The memory usage slowly increases with the number of CPU cores, however, the increase is almost negligible in the original combined dataset. In the small dataset, this increase is very fast if the cores do not share the same NUMA core as can be seen in the third set of the small dataset.
-
philosophers
: this benchmark solves the problem of dining philosophers. This problem is used to illustrate process scheduling correctness. The complexity of the problem increases with the number of cores, so it makes sense that the performance decreases. The increase in benchmark duration linearly correlates with the number of cores (with very little variation), which is the expected result, given the nature of the benchmark. The memory usage of the benchmark is very volatile, but the mean memory usage slightly increases with the number of cores, which is the expected result. -
scala-doku
: (included in the small dataset) this benchmark's performance is very volatile in its dependence on external influences, but very consistent in subsequent runtime instances - this can be best seen when comparing sets 1 and 2 in the small dataset, the assigned CPU cores are the same up until 10, but the two sets contain very different results for these cases.Taking into account the previous conclusion, the benchmark's performance seems independent on the number of CPU cores as evidenced by the original combined dataset. This applies to the memory usage as well. However, in the memory usage sets, there is consistently a difference between the case with just one core and the other cases. This could be accounted to some internal mechanism that prepares the framework for multi-threaded runtime which the benchmark then does not utilize.
The overall conclusion is that the number of assigned cores (and NUMA nodes) does not affect the performance nor it affects the memory usage.
-
scala-kmeans
: (included in the small dataset) all the sets for this benchmark show that the number of CPU cores does not affect the performance of the benchmark. The small dataset exhibits few outlying subsequent measurements, but this is probably caused by external influences as there is very significant difference between the runtime durations collected in the first big dataset and the second big dataset (this can be seen in the plots for the original combined dataset as all the 'violins' have two 'heads' - each for one of the two datasets).The memory usage dependence on the number of number of CPU cores in very surprising as the memory usage seems independent on the number of cores with the exceptions of
2 <= N <= 15
which are consistently significantly lower. This can be probably explained by some internal Java interpreter behavior.
-
finagle-chirper
: this benchmark does not scale well with more cores. Its performance actually decreases with more CPU cores. Memory usage of the benchmark is very volatile in the measured data, but it slightly increases with more cores.These results are quite surprising considering the technology used by the benchmark, Twitter Finagle, is advertized as being meant for "high-concurrency servers" on its website. On the other hand, the decrease in performance can be specific to the implementation of the benchmark as it, according to the documentation, heavily relies on atomics and probably is not meant to measure scalability.

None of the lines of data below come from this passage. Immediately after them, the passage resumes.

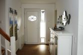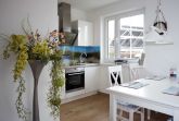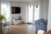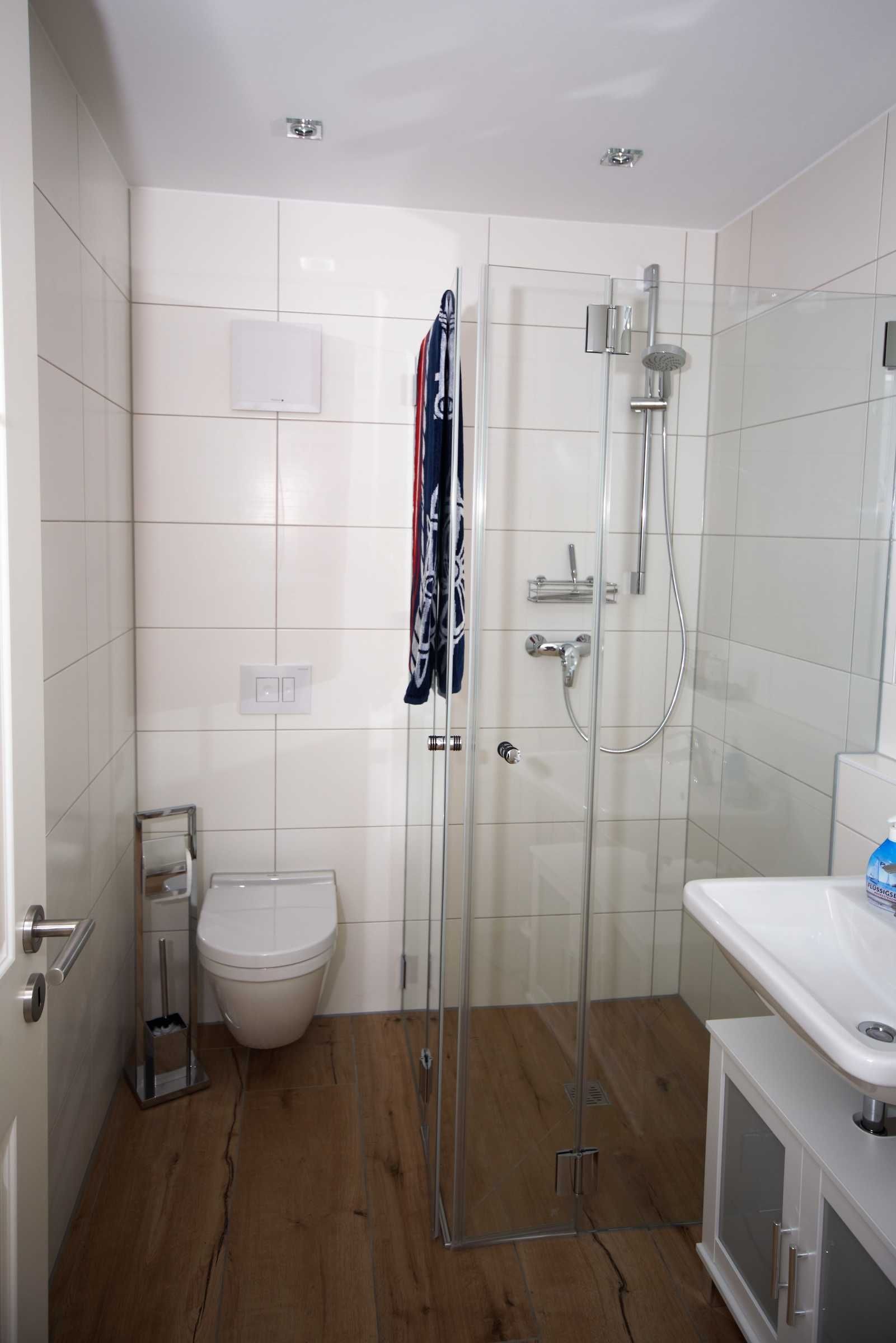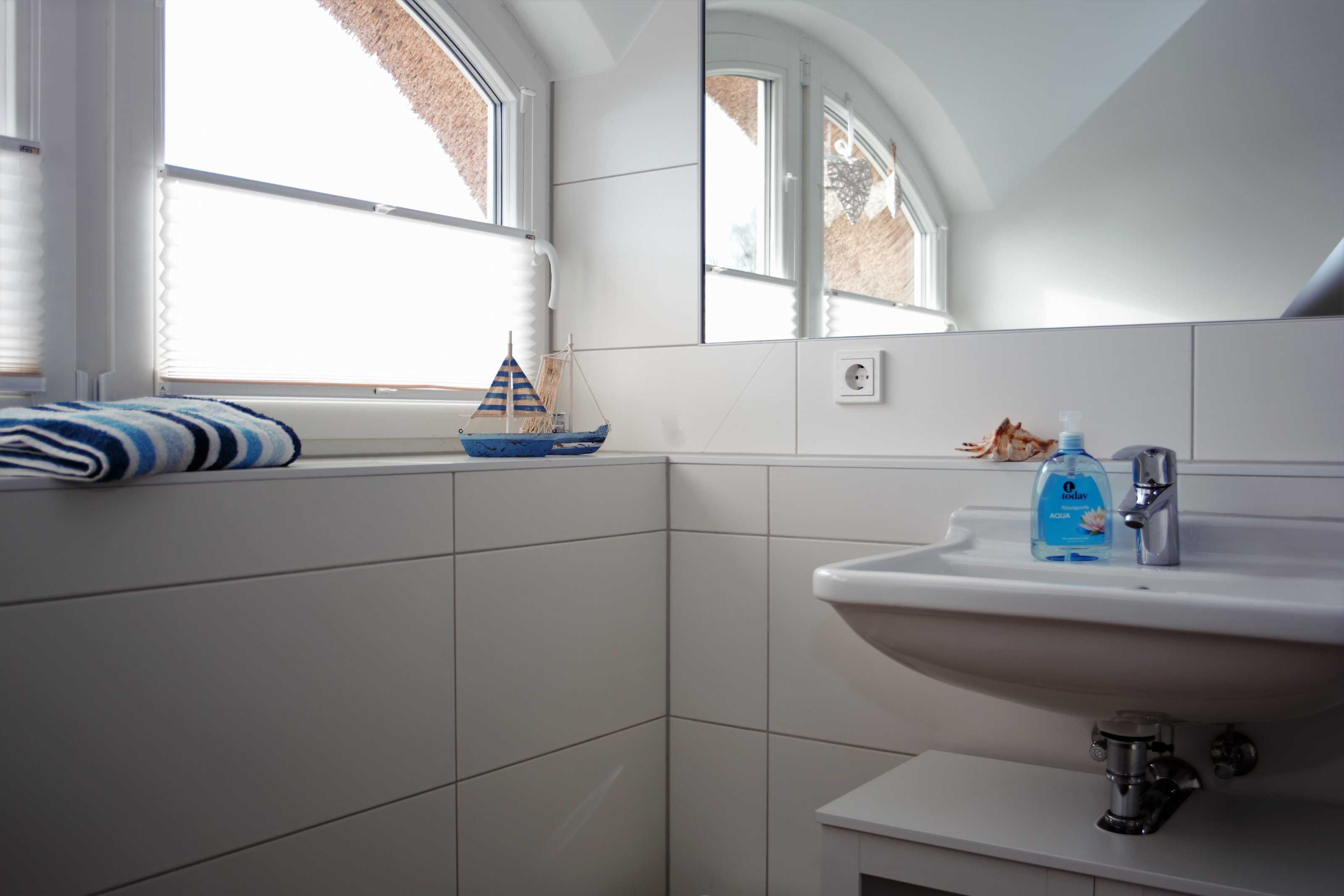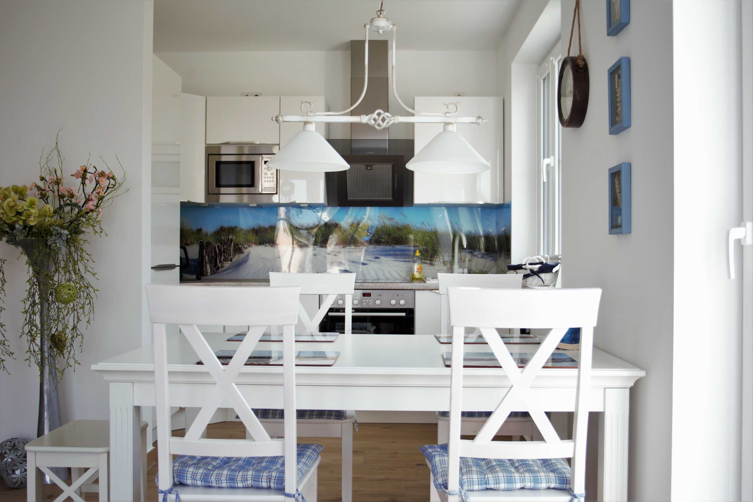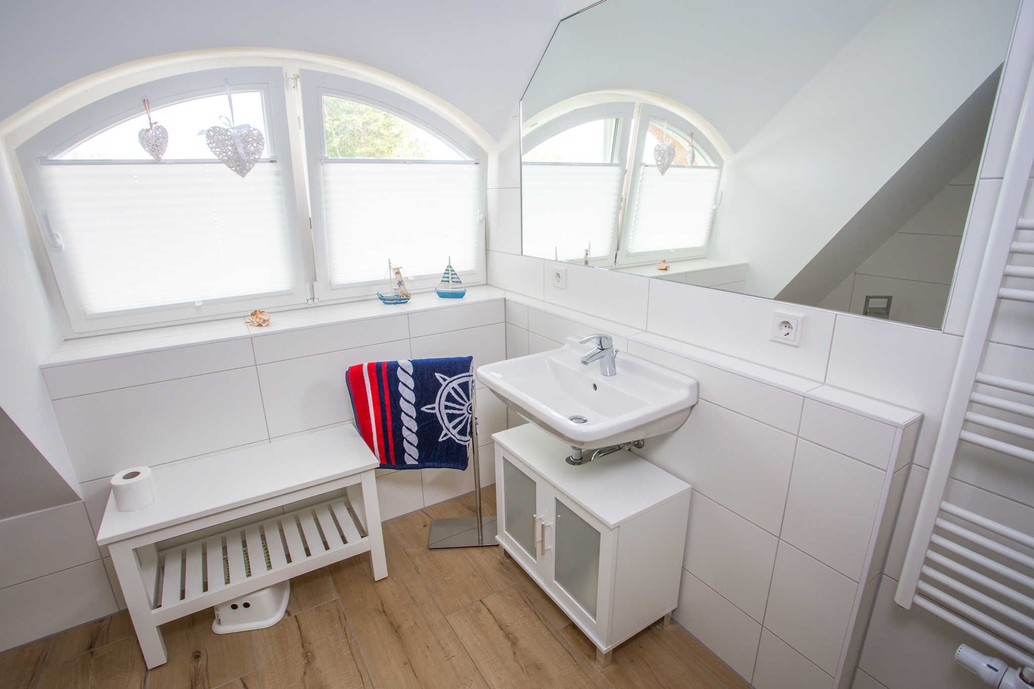 Im Erdgeschoss befindet sich der großzügig gestaltete Wohnbereich mit integrierter Küche und ein Duschbad. Der maritim eingerichtete Wohnbereich eignet sich ideal zum Entspannen nach einem ausgedehnten Strandspaziergang. Die modernen Elektronikgeräte wie wandhängender ein 60-Zoll-Flat-TV, ein Blu-ray-Player, ein DAB-Radio oder ein Spieleabend mit der Familie lassen die Zeit spaßig verfliegen. Die moderne Einbauküche sowie diverse Küchengeräte wie Geschirrspüler, Toaster, Kaffeemaschine, Wasserkocher, Mikrowelle, Herd mit Cerankochfeld, Backofen und Kühl-Gefrierkombination bieten ambitionierten Hobbyköchen auch im Urlaub die Möglichkeit Essen nach eigenen Wünschen zu kochen. Die Küche ist großzügig mit Ess- und Kochgeschirr, Besteck und Gläsern ausgestattet. Im hell gefliesten Duschbad mit Echtglasdusche, großem Waschtisch mit Unterschrank, darüber eingefliestem Wandspiegel, WC, Föhn und Handtuchtrockner wird Hygiene zum Spaß.
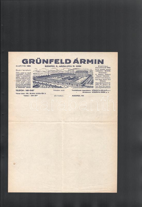 ca 1940 Grünfeld Ármin üvegáru gyár fejléces számla https://www.darabanth.com/de/514-Auktion-Philatelie-Postkarten-Numismatik-Kunstwerke-Bucher-Schreibwaren-Schmuck/515.0/Kunst-Dokumente-andere-Sammelgebiete/Werbungen~73/ca-1940-Grunfeld-Armin-uvegaru-gyar-fejleces-szamla~II3464962
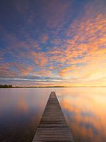 Een steiger op de voorgrond geeft diepte aan de foto en de warme kleuren van de zonsondergang contrasteren mooi tenen de koele blauwe tinten van de avond.
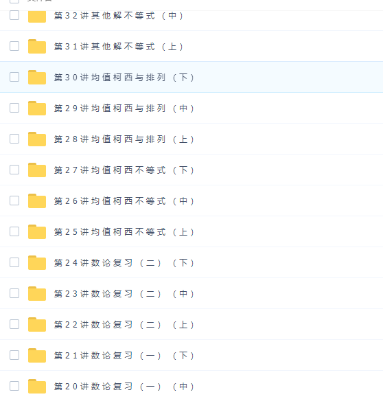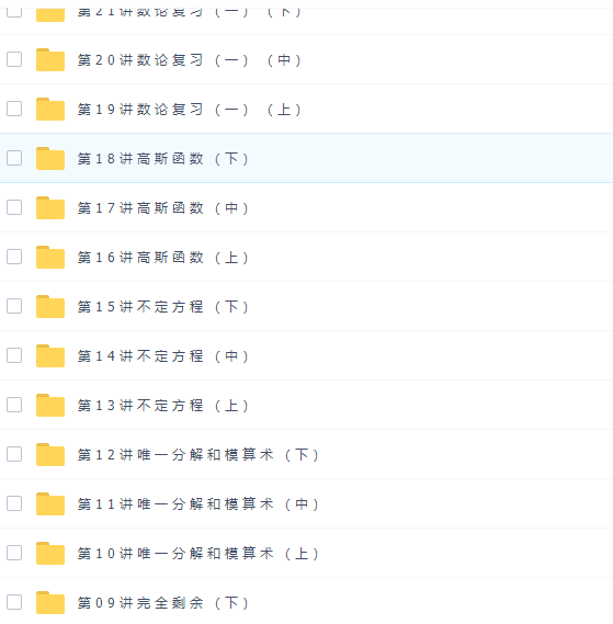 此课件来自学而思网校,高中奥数四阶高一全国高中数学联赛班陈晨完结。此课件主要知识点包括:整数基本性质、数论基础、完全剩余、唯一分解和模算术、不定方程、高斯函数、数论复习、均值柯西与排列、其他解不等式、不等式综合运用、向量、复数、组合。
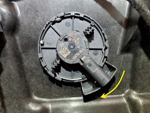 - 将左侧后车门压力传感器放在封闭板上,然后顺时针转动,将传感器固定到封闭板。确认传感器锁定到位。
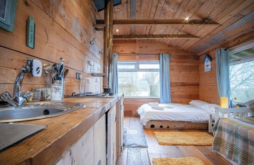 Inside, The Hygge Hut features a well-equipped kitchenette and a modern bathroom complete with a refreshing walk-in shower, toilet, and hand basin. The Hygge Hut boasts a cosy double bed ensuring a peaceful night's sleep. For cooler evenings, a log burner inside offers a warm and inviting atmosphere, creating the perfect setting for relaxation and rejuvenation.
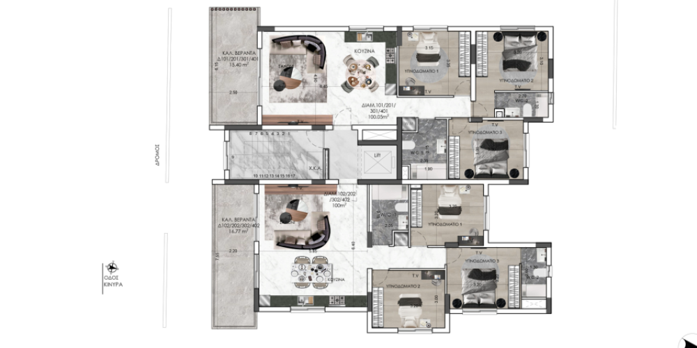 Жилой проект представляет собой четырехэтажное здание, в котором расположено восемь апартаментов с тремя спальнями. В квартирах на 2-м, 3-м и 4-м этажах предусмотрена возможность установки фотоэлектрической системы мощностью 2 кВт, что способствует повышению энергоэффективности и снижению затрат на электроэнергию.
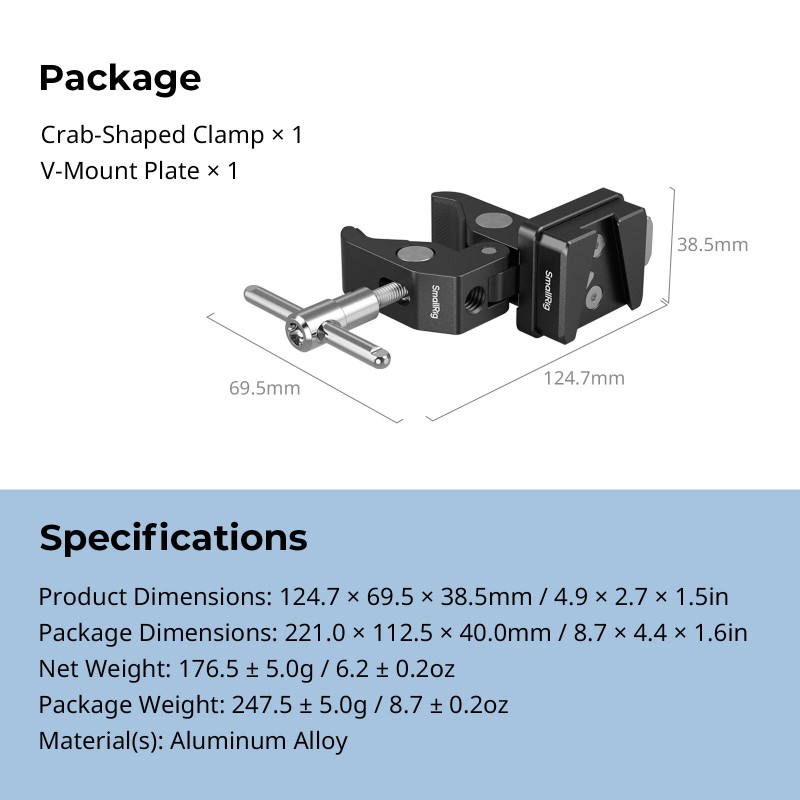 Universal SmallRig V Mount Crab-Shaped Clamp 1.5kg Load for V-Mount Batteries
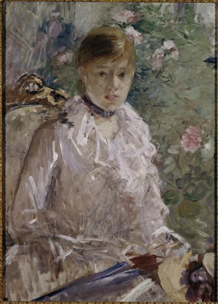 Image de l'œuvre Jeune femme assise devant une fenêtre réalisée par l'artiste Berthe Morisot. L'œuvre est exposée à Musée d'Orsay (Paris, France).
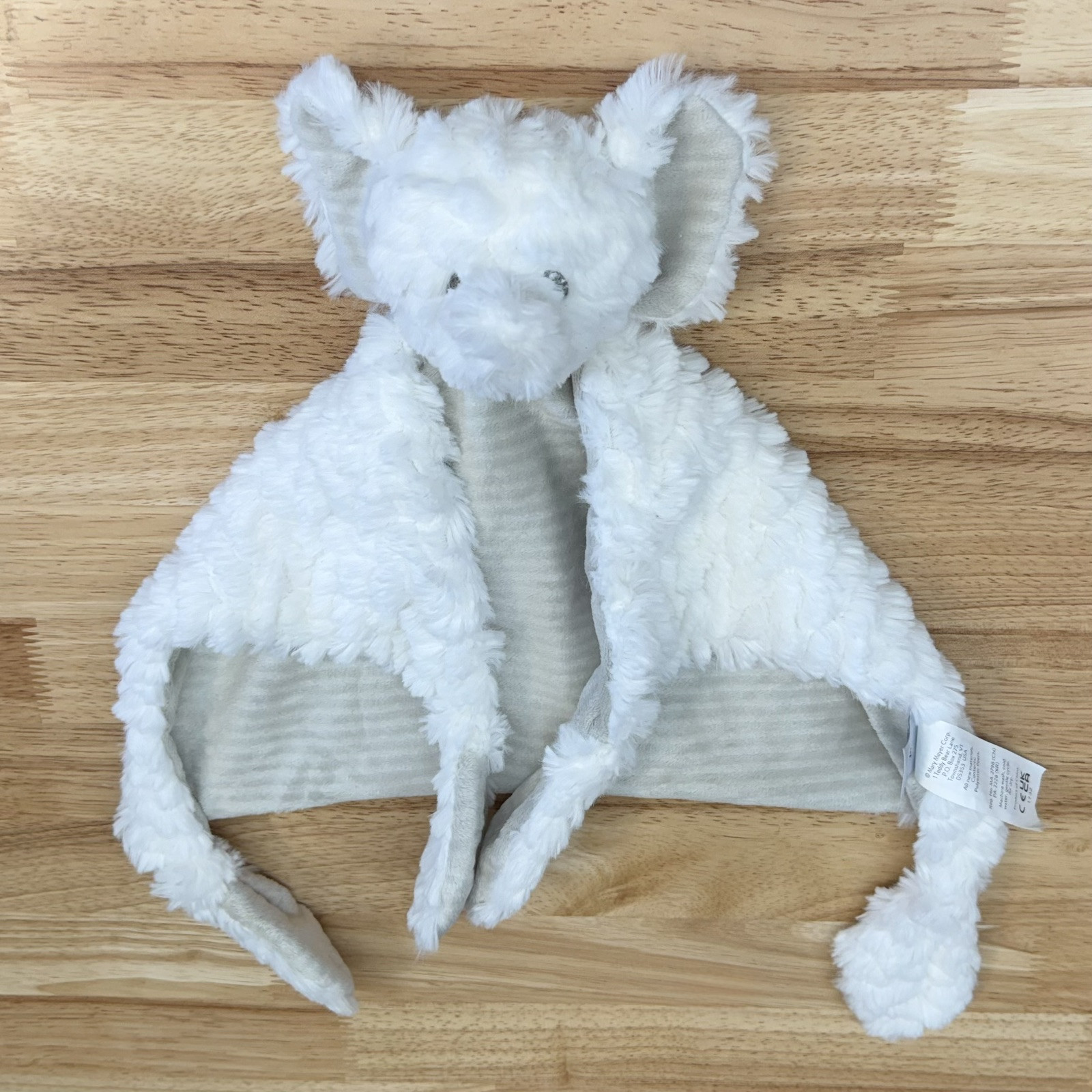 Mary Meyers Elephant Baby Lovey Security Blanket Plush Knotted White Gray Ears

The memory usage increase can be explained by the overhead of thread-running and thread-safety measures performed by the framework.
-
finagle-http
: this benchmark does not scale well with more cores. Its performance steadily decreases with more CPU cores regardless of whether. Memory usage of the benchmark is very volatile in the measured data, but it clearly increases with more cores.The specific reasons for the decrease in performance and the increase in memory usage are the same as for
finagle-chirper
as they both use the same technology. This benchmark uses one more framework, Netty, which relies on asynchronous computing, but, in this benchmark with centralized architecture, it falls victim to blocking.